In response to these limitations on individual rationality, the author indicates that we can actually reduce them to some extent in the continuous process of collective choice. Each unique decision represents only one link in a long-time chain of social action. He also mentions, through some form of exchange or trade, the limitation of uncertainty can be neutralized. For instance, if the vote of the individual choice is recognized as being subject to exchange for the votes of other individuals in later choices, uncertainty is eliminated. As a result, despite some limitations of the model, we should yet stick to the individual rationality approach as our analytical tool.

E. Conclusion
In chapter four, the author firstly introduces the individual and collective rationality as two respective approaches, the former as a major thesis of the chapter as well as the book. Subsequently, he provides the reader with a brief brush-up of rational individual behavior in the economic theory, as a foundation of the later collective choice analysis. After the economical interpretation in the second section, he starts the political implication for the collective choice, i.e. the consumer’s individual choice pattern is similar to the citizen’s collective-choice process. Lastly, although there are limitations on the model of individual rationality, the model is undoubtedly worth being applied.
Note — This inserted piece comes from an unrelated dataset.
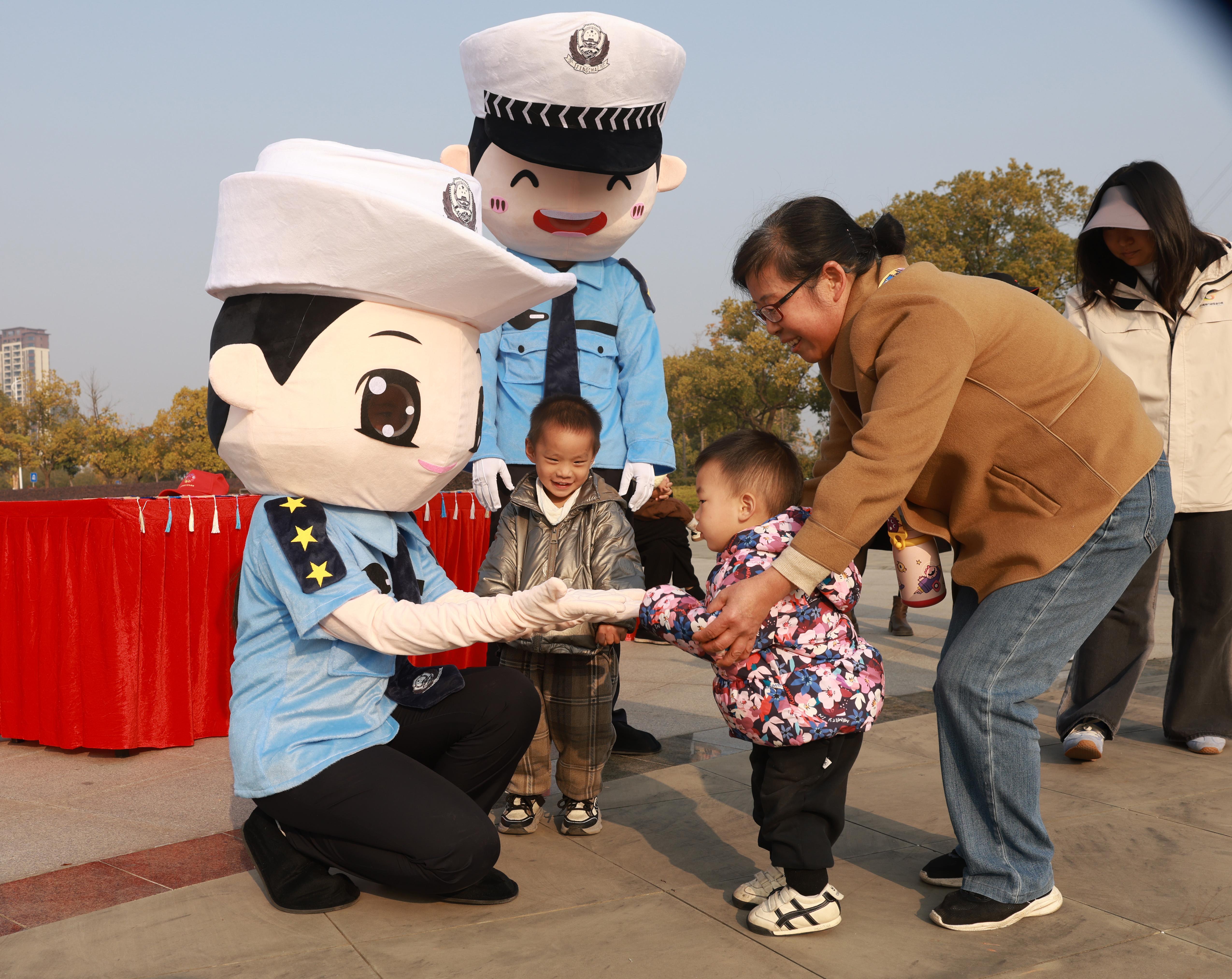 圖為交警玩偶“平平”“安安”與小朋友現(xiàn)場互動。
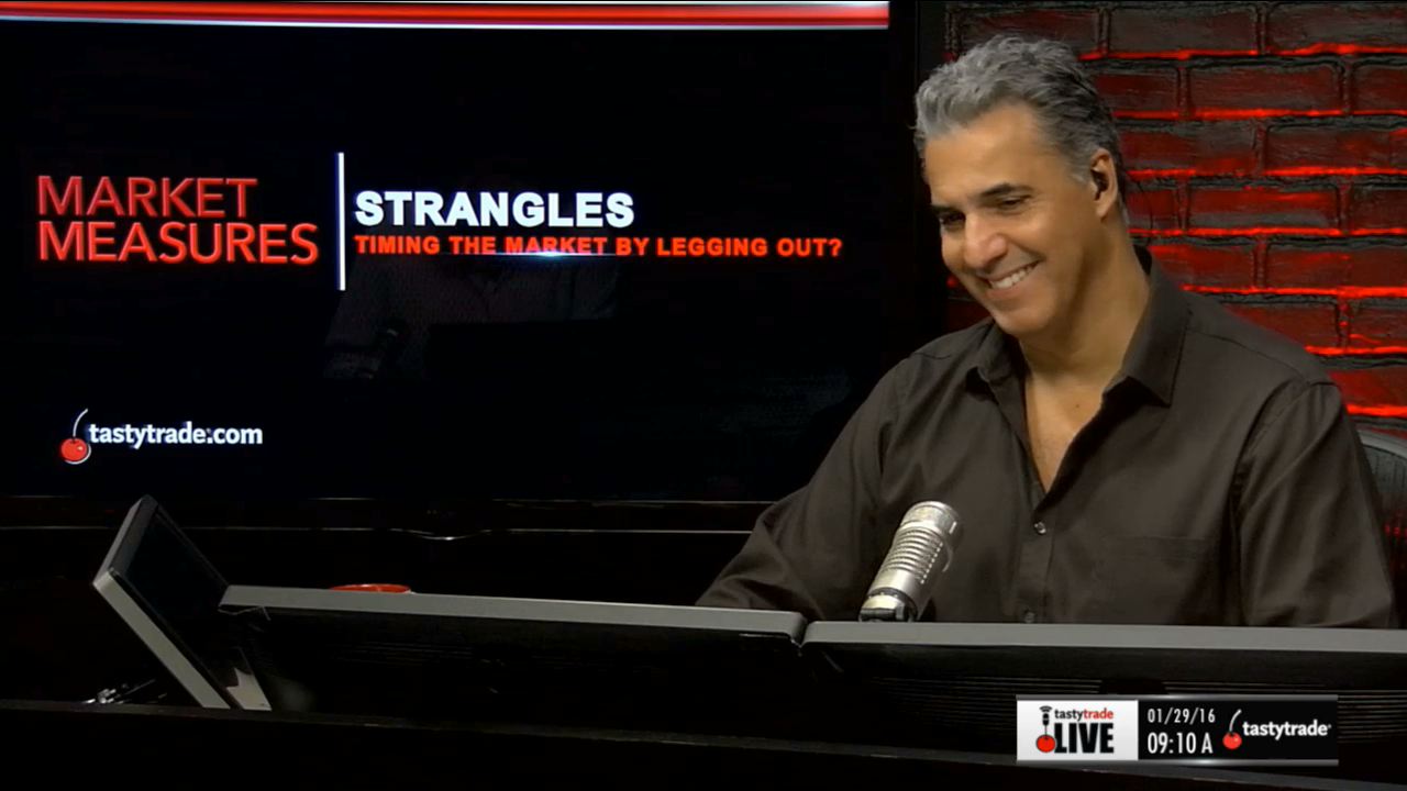Watch this segment of Market Measures with Tom Sosnoff and Tony Battista for the valuable takeaways and the results of our study on managing strangles as package versus legging out.

II. Self-Questioning & Discussion
1. How to define “the decision making unit”?
2. What is the economical analysis of individual rationality? And what is the interconnection between the economical and political individual rationality?
3. How does the author derive the collective choice model from individual rationality?
4. What are the limitations of individual rationality model? Do you think they are major or minor limitations?
5. Do the author’s further accounts of the limitations factually eliminate the uncertainty?